Open Windows Calculator > View > Programmer
Choose the Hex option
Enter the Hex value
Switch to Dec and write down the value given
Repeat for steps 2-4 for the second hex value
Calculate the average by adding the two Dec numbers and dividing by 2
Enter this value into calculator with the Dec option
selected then switch to the hex option and voila
Example:
15293E (HEX) = 1386814 (DEC)
012549 (HEX) = 75081 (DEC)
Mid Point = (1386814+75081)/2
Mid Point = 730947 (DEC)
730947 (DEC) = 0B2743 (HEX)
#0B2743
or use ColorBlender as mentioned above ;)

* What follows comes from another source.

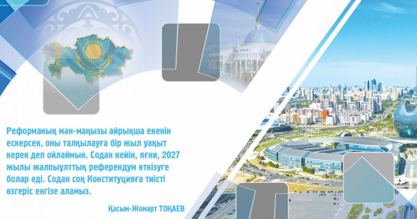 Әрине, оны өткізу үшін жүйенің өзге де элементтерін қайта жаңғырту керек, соның ішінде жүзеге асырылуына көп уақыт пен күш-жігер қажет болатын Парламент пен Үкімет өзара іс-әрекеті балансына қатысты. Президентке және оның командасына бұл маңызды жұмыста сәттілік тілейік.

Here I leave the code that I use in my typescript app
function mixHexColors(color1: string, color2: string) {
const valuesColor1 = color1.replace('#', '').match(/.{2}/g).map((value) =>
parseInt(value, 16)
)
const valuesColor2 = color2.replace('#', '').match(/.{2}/g).map((value) =>
parseInt(value, 16)
)
const mixedValues = valuesColor1.map((value, index) =>
((value + valuesColor2[index]) / 2).toString(16).padStart(2, '')
)
return `#${mixedValues.join('')}`
}
Here's a Python version.
# -*- coding: utf-8 -*-
"""jcolor_split.py splits 2 hex color values, HEX_COLOR_1 and HEX_COLOR_2,
printing the color halfway between the two colors
Usage: jcolor_split.py HEX_COLOR_1 HEX_COLOR_2
Example: ./jcolor_split.py 3E599C 2E4892
"""
import sys
def jcolor_split(hex_color_1, hex_color_2):
print()
print (hex_color_1)
r1s = hex_color_1[0:2]
g1s = hex_color_1[2:4]
b1s = hex_color_1[4:6]
print(r1s,g1s,b1s)
print()
print (hex_color_2)
r2s = hex_color_2[0:2]
g2s = hex_color_2[2:4]
b2s = hex_color_2[4:6]
print(r2s,g2s,b2s)
# convert rgb's to ints
r1 = int(r1s, 16); g1 = int(g1s, 16); b1 = int(b1s, 16);
r2 = int(r2s, 16); g2 = int(g2s, 16); b2 = int(b2s, 16);
print()
print(r1,g1,b1)
print(r2,g2,b2)
# get the average
ra = int(round(float(r1+r2)/2))
ga = int(round(float(g1+g2)/2))
ba = int(round(float(b1+b2)/2))
print()
print(format(ra, 'x')+ format(ga, 'x')+ format(ba, 'x') )
NUM_ARGS = 2
def main():
args = sys.argv[1:]
if len(args) != NUM_ARGS or "-h" in args or "--help" in args:
print (__doc__)
sys.exit(2)
jcolor_split(args[0], args[1])
if __name__ == '__main__':
main()
sample_run = '''
PS C:\1d\JoeCodeswellHomePage> ./jcolor_split.py 3E599C 2E4892
3E599C
3E 59 9C
2E4892
2E 48 92
62 89 156
46 72 146
365097
PS C:\1d\JoeCodeswellHomePage>
'''
I know this thread is about 10 years old, but this answer might be interesting for someone who is searching for a CSS-only alternative. Therefore you can just create a CSS gradient between two colors where you set an huge size, e.g. 10000vw and set the position to center:
background: linear-gradient(90deg, rgb(255,255,0) 0%, rgb(0,0,255) 100%);
background-size: 10000vw;
background-position: center;
Based on the percentage of the gradient positions you can also set a ratio to one direction of color.